Macrì dell'Antimafia: forti innesti anche nel Lazio

CATANZARO (14 giugno) – La capitale della 'ndrangheta? «Reggio Calabria certamente, ma forse la vera capitale è Milano». Parola del sostituto procuratore della Direzione nazionale antimafia, Enzo Macrì che ha partecipato a Tiriolo ad un dibattito insieme a don Luigi Ciotti, lo studioso Enzo Ciconte e Francesco Forgione, presidente della Commissione parlamentare antimafia nella passate legislatura, autore del libro 'ndrangheta (Baldini Castoldi Dalai editore).

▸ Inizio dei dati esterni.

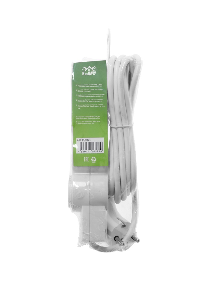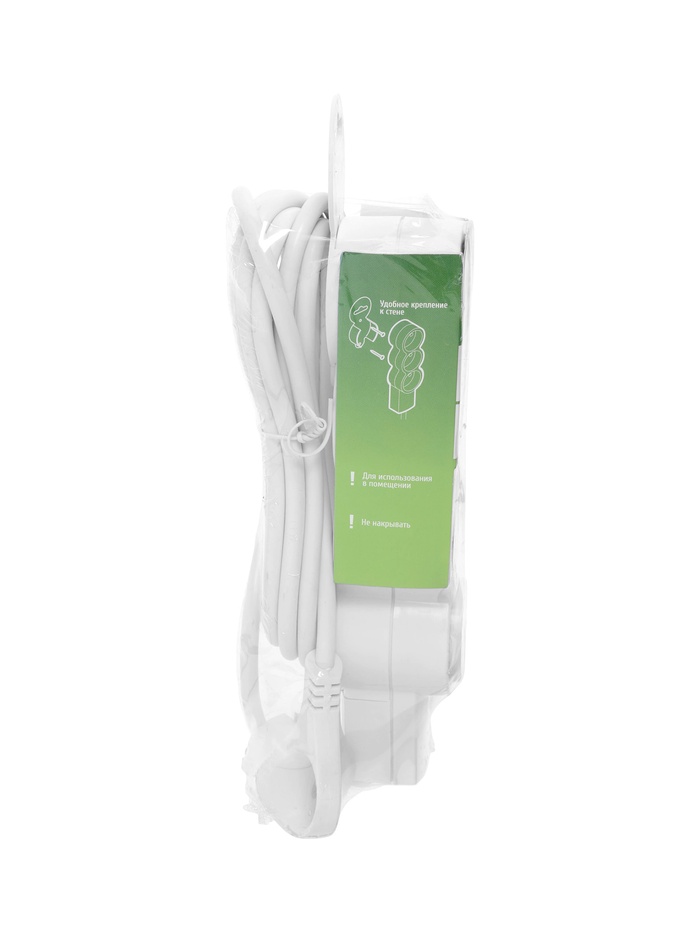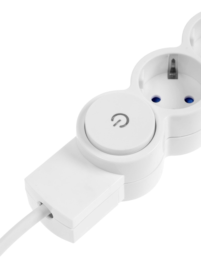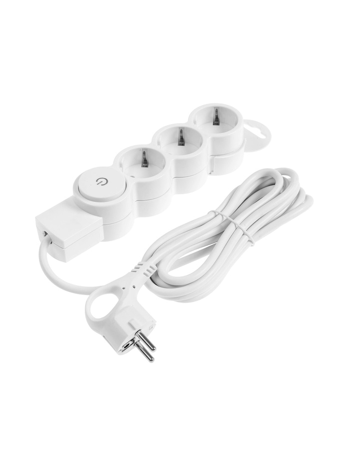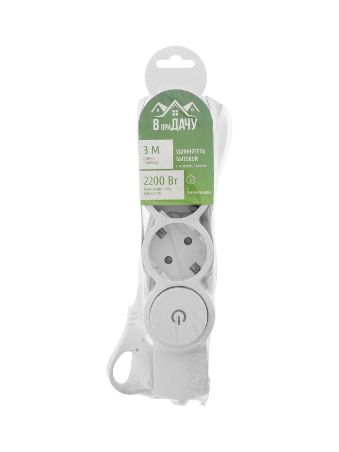 Удлинитель с выключателем, 3 розетки, 3 м, 10 А, 2200 Вт, ПВС 3×0.75 мм², с заземлением, белый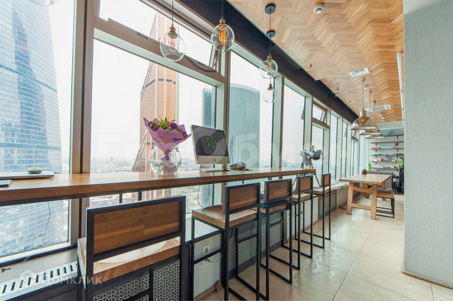 Апартаменты полностью укомплектован современной мебелью и техникой, необходимой для ведения бизнеса. Панорамные окна с видом на "Москва-Сити".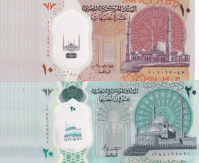 Egypt SET 2 UNC 10 20 P 2022-2023 Polymer Mixed Dates P 81 82 LOT 10 Sets 20 Pcs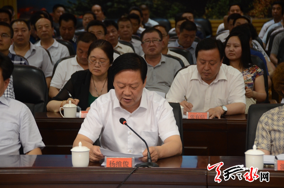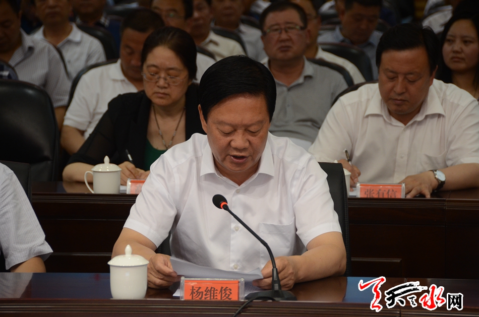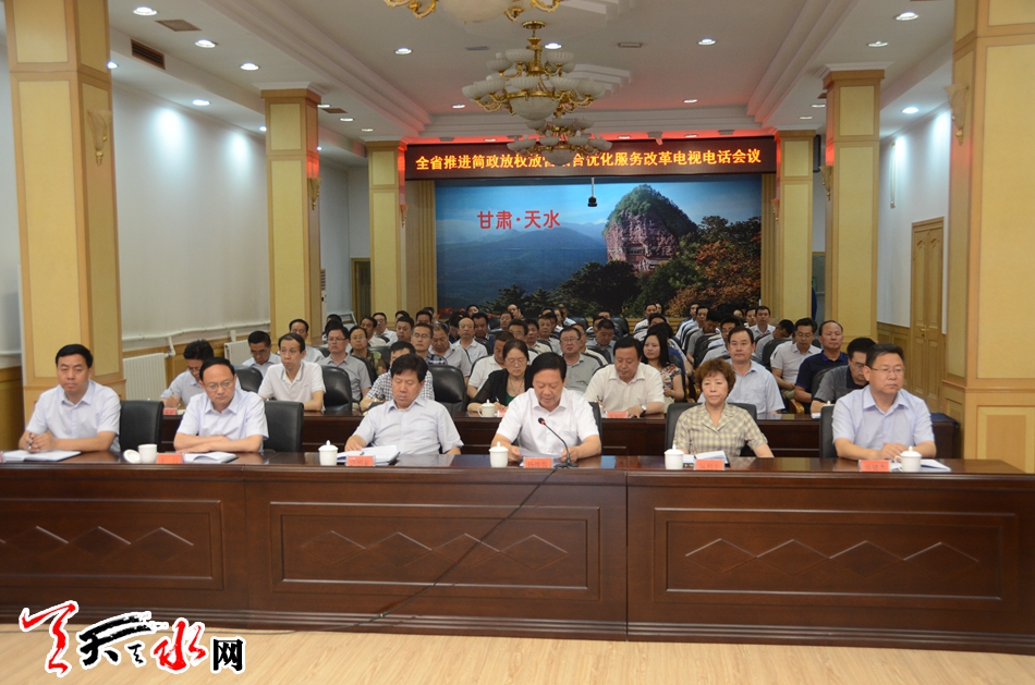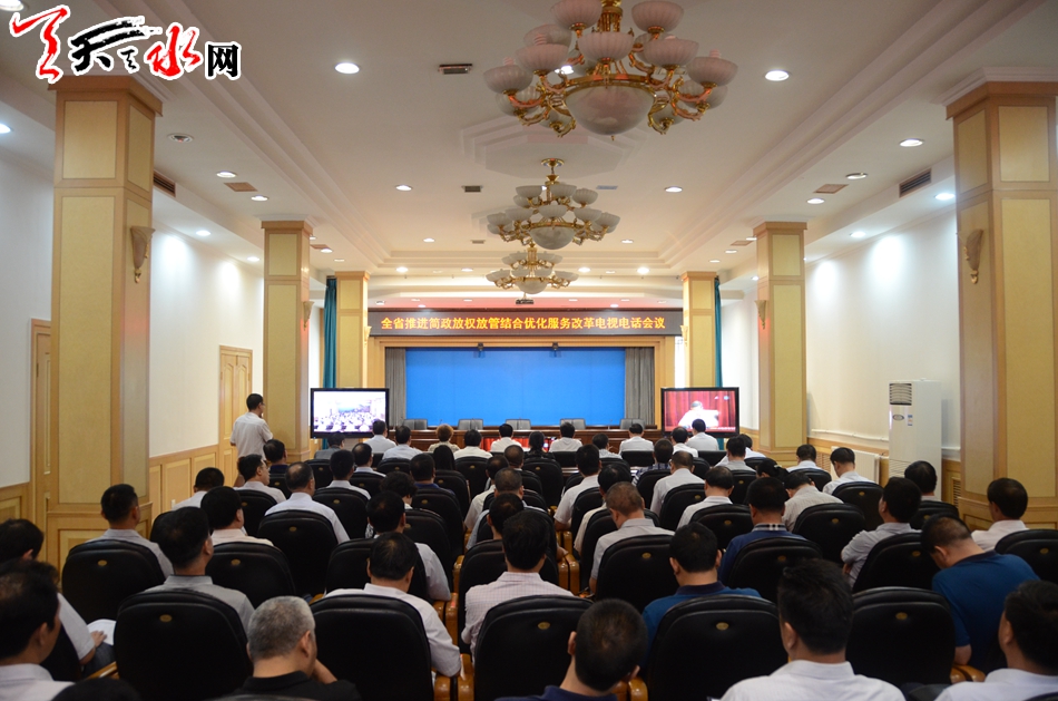 ????天天天水網(wǎng)訊(記者郝勤學(xué))6月29日,甘肅省政府召開全省簡政放權(quán)放管結(jié)合優(yōu)化服務(wù)改革電視電話會議,就深入推進(jìn)全省“放管服”改革各項工作,建設(shè)人民滿意的服務(wù)型政府進(jìn)行安排部署。天水市委副書記、市長楊維俊在天水分會場參加會議并代表天水市政府作交流發(fā)言。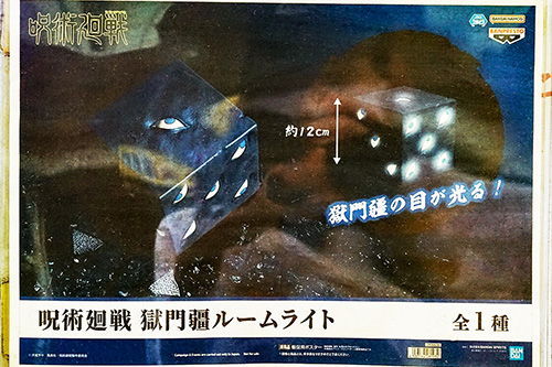 取材中に見かけた新作プライズをご紹介。「ちいかわ ゴブリンBIGぬいぐるみ」や、「クレヨンしんちゃん」の野原ひろしと園長先生を立体化したプライズフィギュア、「呪術廻戦」の獄門疆を模したルームライトなどが登場していました。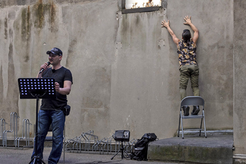 „Spüren Sie den Druck in der Brust? Das pochende Herz? Die Angst zu ersticken? Sie brauchen jetzt den Atem wie der Süchtige den Stoff“, erklärt Osman, der einen eindringlichen Monolog im Innenhof des Gesundheitsamtes hält, in welchem der Roadtrip startet. 12 Jahre verbrachte der 39-Jährige, der ironischerweise mal mit einer Polizistin zusammen war, hinter Gittern. „Während sie tagsüber Junkies von der Platte schubste, sah sie mir nachts dabei zu, wie ich konsumierte“, erzählt Osman, während Tänzer Hayato eine ausdauernde Performance hinlegt. Und das obwohl er eine Familie und einen Beruf habe.
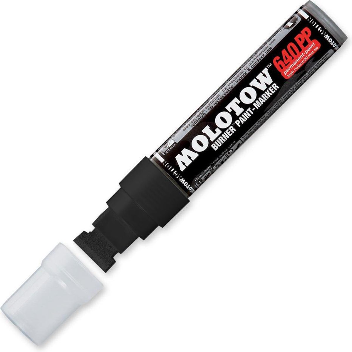 Molotow 640 PP BURNER™ Paint-Marker De Molotow Burner Paint 640 PP Marker. De verf is op alcoholbasis, vloeit gelijkmatig uit de tip en is vergelijkbaar met de verf uit de Burner Bombing cans. De marker is geschikt voor gebruik binnen en buiten, maar droogt mogelijkerwijs niet geheel veeg- en watervast op. Reden: om het “metallic” effect te krijgen moeten de metaaldeeltjes “op” de kleur liggen; contact met water en/of hard vegen kan de kleur dan uit laten lopen. Testen voor gebruik is aan te raden. Uiteraard is deze marker hervulbaar en is de tip verwisselbaar.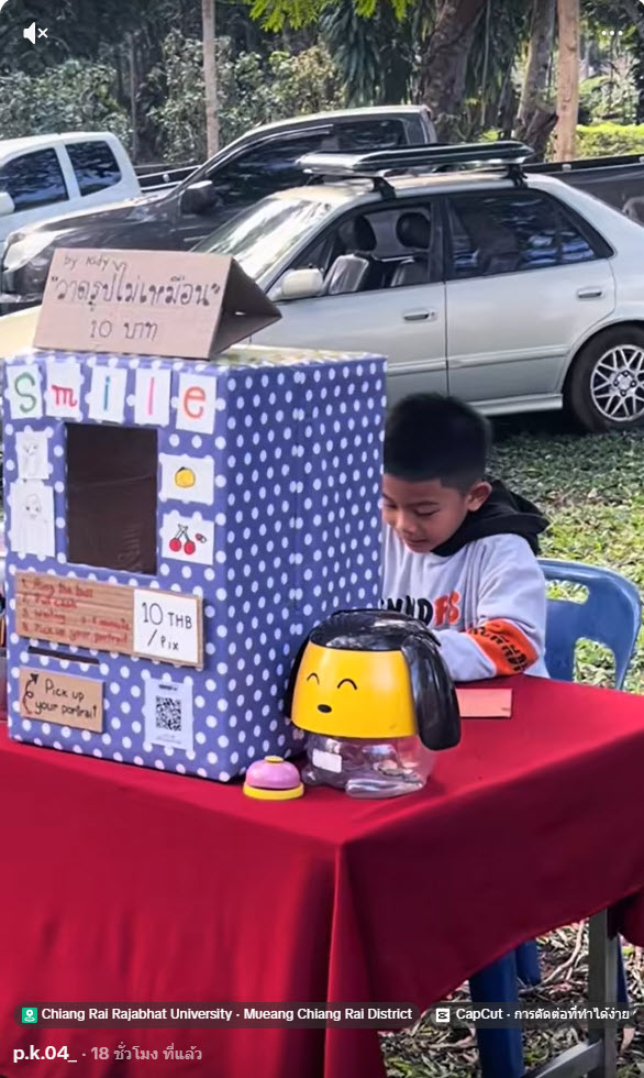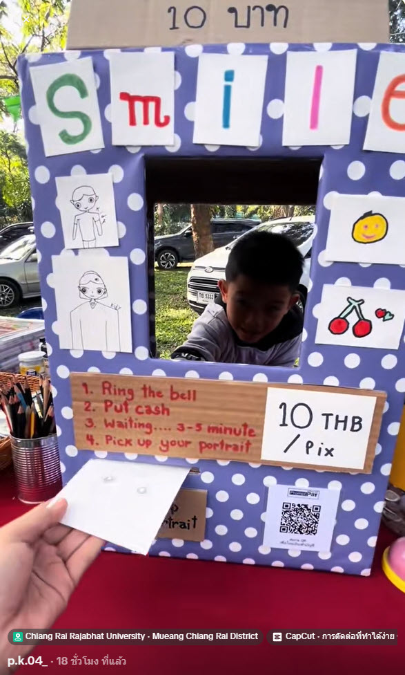 จุดเด่นของบูธคือการออกแบบแบบมีลูกเล่น ให้นั่งวาดผ่าน “ตู้” ที่ทำจากลังกระดาษ ดูคล้ายการถ่ายรูปในตู้สติกเกอร์ เพิ่มความสนุกและไอเดียสร้างสรรค์ ทำให้หลายคนที่เห็นต่างชื่นชมในความตั้งใจของน้อง

Macrì ha aggiunto che il dinamismo e la pericolosità estrema della 'ndrangheta è dato proprio da questo fatto, di non avere cioè – a differenza di cosa nostra e camorra – una sede principale.

«Le cosche della 'ndrangheta – ha aggiunto Macrì – hanno sedi secondarie a Torino e in altre parti del nord e in quasi tutti e cinque i continenti».

Il magistrato del Dna ha confermato il giro d'affari della 'ndrangheta, che l'Eurispes ha segnalato in 45 miliardi di euro l'anno ed ha segnalato il provvedimento delle autorità statunitensi di estendere le misure di protezione di quel Paese agli affiliati di 'ndrangheta. Secondo Macrì in questa fase Cosa nostra è praticamente assente in Piemonte, tranne alcune propaggini riferite al clan dei catanesi; mentre in Lombardia, in interi comuni come Corsico e Buccinasco «la presenza della 'ndrangheta è opprimente».

Negli ultimi tempi sono emerse presenze determinanti anche nel Lazio e in Sardegna. Sull'ampiezza del fenomeno Macrì ha affermato che «neanche noi riusciamo a capire bene le dimensioni del fenomeno».

Macrì ha sollevato anche critiche rispetto all'adeguatezza del contrasto, citando ad esempio i recenti orientamenti del Csm alle nomine apicali negli uffici giudiziari di Reggio Calabria e Catanzaro, dove non sarebbero state prese in considerazione le specificità e le conoscenze acquisite in Calabria.

Altro esempio sulla inadeguatezza del contrasto, sempre secondo Macrì, il recente Ddl sulle intercettazioni, per il quale il magistrato ha fatto riferimento ai dati («non veri» ha detto), sui decreti di perquisizione e sulla spesa annua nel bilancio della giustizia.